Se si frugano i 24 anni trascorsi dal giorno in cui «Ultimo» e «Vichingo» tirarono giù di peso 'u curtu dalla Citroen del suo autista, l'elenco dei sequestri a ripetizione di beni che hanno colpito lui, la sua famiglia fino al centesimo grado di parentela, e poi complici, compari e prestanome, non si può che restare delusi. Tesori, indubbiamente: ma tesori fatti di villini a Mazara e negozi di auto usate, libretti di risparmio e capannoni di periferia. L'ultimo censimento completo dei beni di Riina risale ormai a molti anni fa: 300 appartamenti e uffici, 38 appezzamenti di terreno, 1.685 ettari coltivati a vigneto. Valore totale, un'ottantina di milioni sequestrati dallo Stato. Okay, ma il resto?

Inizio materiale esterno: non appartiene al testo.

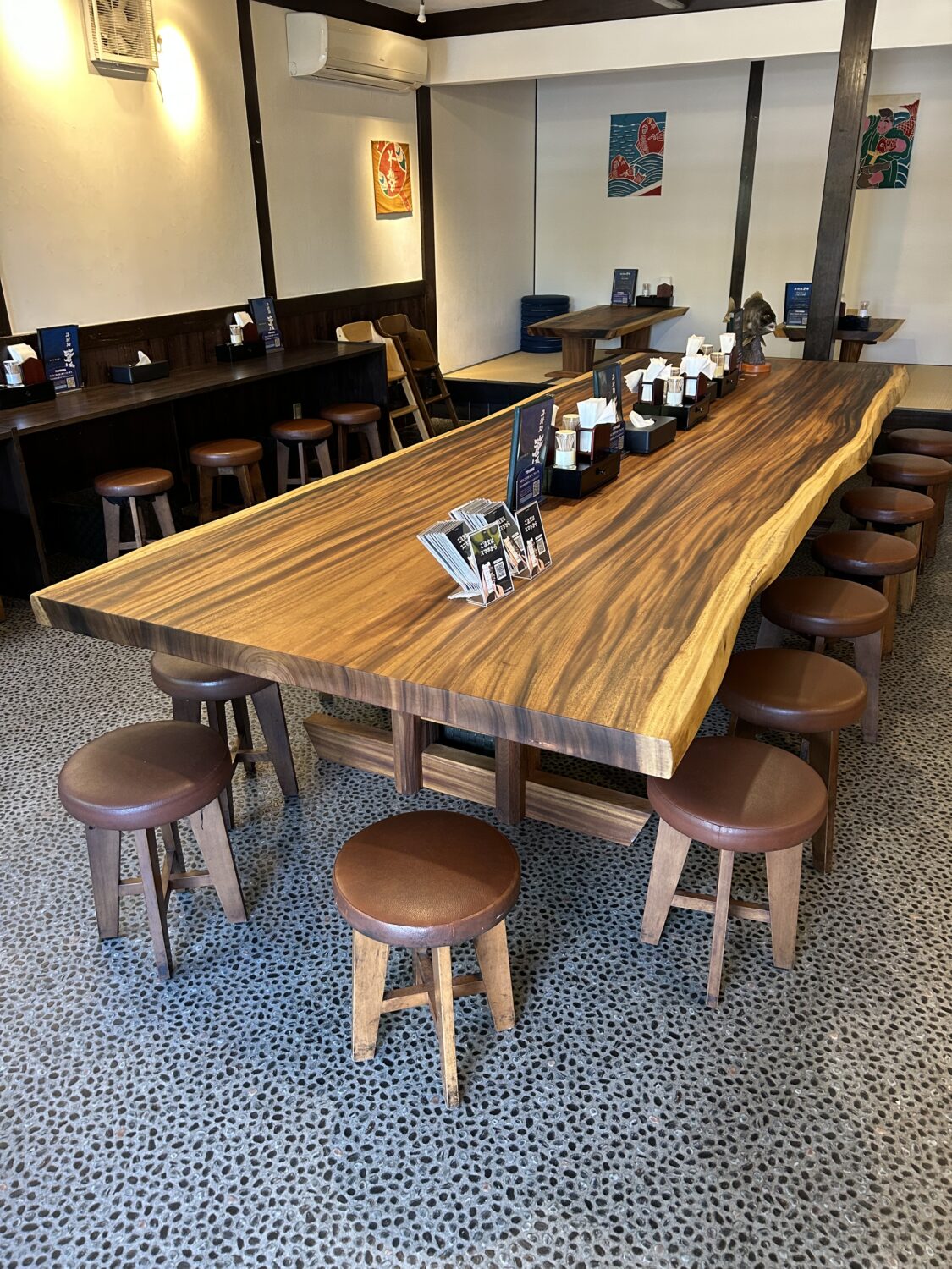 奥の座敷にもモンキーポッドのテーブル3台も良い感じに収まりました!

La spiegazione più ovvia è che quelli non sono i beni di Cosa Nostra ma il patrimonio personale di Riina, i fringe benefit accumulati negli anni. E che, al di sopra di questo inventario un po' mezzadrile, esista un altro livello, un universo parallelo dove i profitti miliardari di Cosa Nostra si sono riversati nel corso degli anni, riversandosi nella new economy e lavandosi nei circuiti della finanza. È chiaro che non potevano essere né Riina né Provenzano, che non hanno mai visto un computer in vita loro, a dirigere questo valzer di quattrini, e che anche lì, da qualche parte, devono muoversi le menti raffinatissime di cui parlava Falcone. Queste menti adesso con chi si rapporteranno, a chi daranno conto? Il principio è quello della continuità aziendale, come spiegò lo stesso Riina ai colletti bianchi che avevano fatto affari con la vecchia mafia palermitana, da lui sterminata e soppiantata: «Adesso rendete conto a me». Oggi è lui ad uscire di scena, non a colpi di kalashnikov in una strada di Palermo ma intubato nel verde asettico di una stanza d'ospedale.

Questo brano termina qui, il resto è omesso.